Start of Data records

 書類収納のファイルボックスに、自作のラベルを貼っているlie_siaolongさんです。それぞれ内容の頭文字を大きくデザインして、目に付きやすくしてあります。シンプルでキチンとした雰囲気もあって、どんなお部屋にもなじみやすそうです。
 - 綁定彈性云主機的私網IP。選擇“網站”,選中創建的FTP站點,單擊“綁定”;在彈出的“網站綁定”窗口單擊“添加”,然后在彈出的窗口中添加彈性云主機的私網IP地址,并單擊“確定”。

End of Data records
Start of Data records

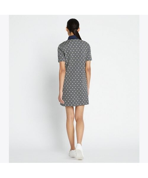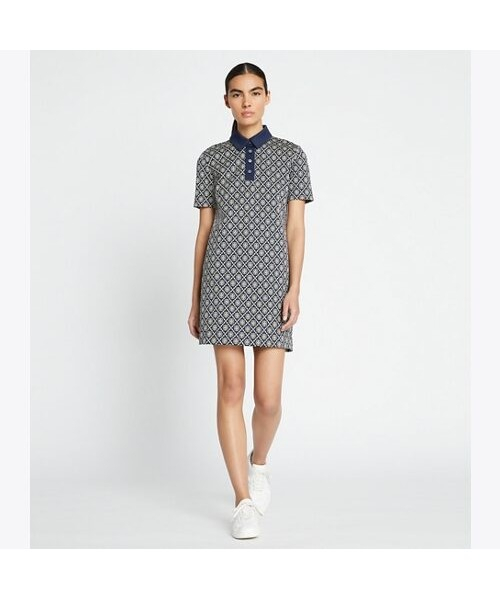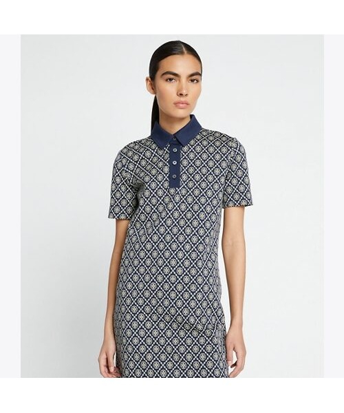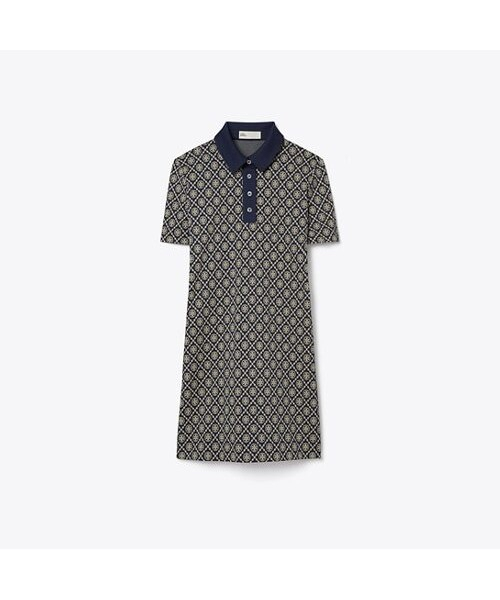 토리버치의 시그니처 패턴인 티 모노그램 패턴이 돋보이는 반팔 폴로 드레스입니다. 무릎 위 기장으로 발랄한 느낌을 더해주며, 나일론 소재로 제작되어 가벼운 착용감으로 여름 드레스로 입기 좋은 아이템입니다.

End of Data records

*Problem details*
Which lines run from the one holding "書類収納のファイルボックスに" through the one holding "- 綁定彈性云主機的私網IP" in the records above? Repeat them exactly, both included, and nothing more.

*Task solution*
 書類収納のファイルボックスに、自作のラベルを貼っているlie_siaolongさんです。それぞれ内容の頭文字を大きくデザインして、目に付きやすくしてあります。シンプルでキチンとした雰囲気もあって、どんなお部屋にもなじみやすそうです。
 - 綁定彈性云主機的私網IP。選擇“網站”,選中創建的FTP站點,單擊“綁定”;在彈出的“網站綁定”窗口單擊“添加”,然后在彈出的窗口中添加彈性云主機的私網IP地址,并單擊“確定”。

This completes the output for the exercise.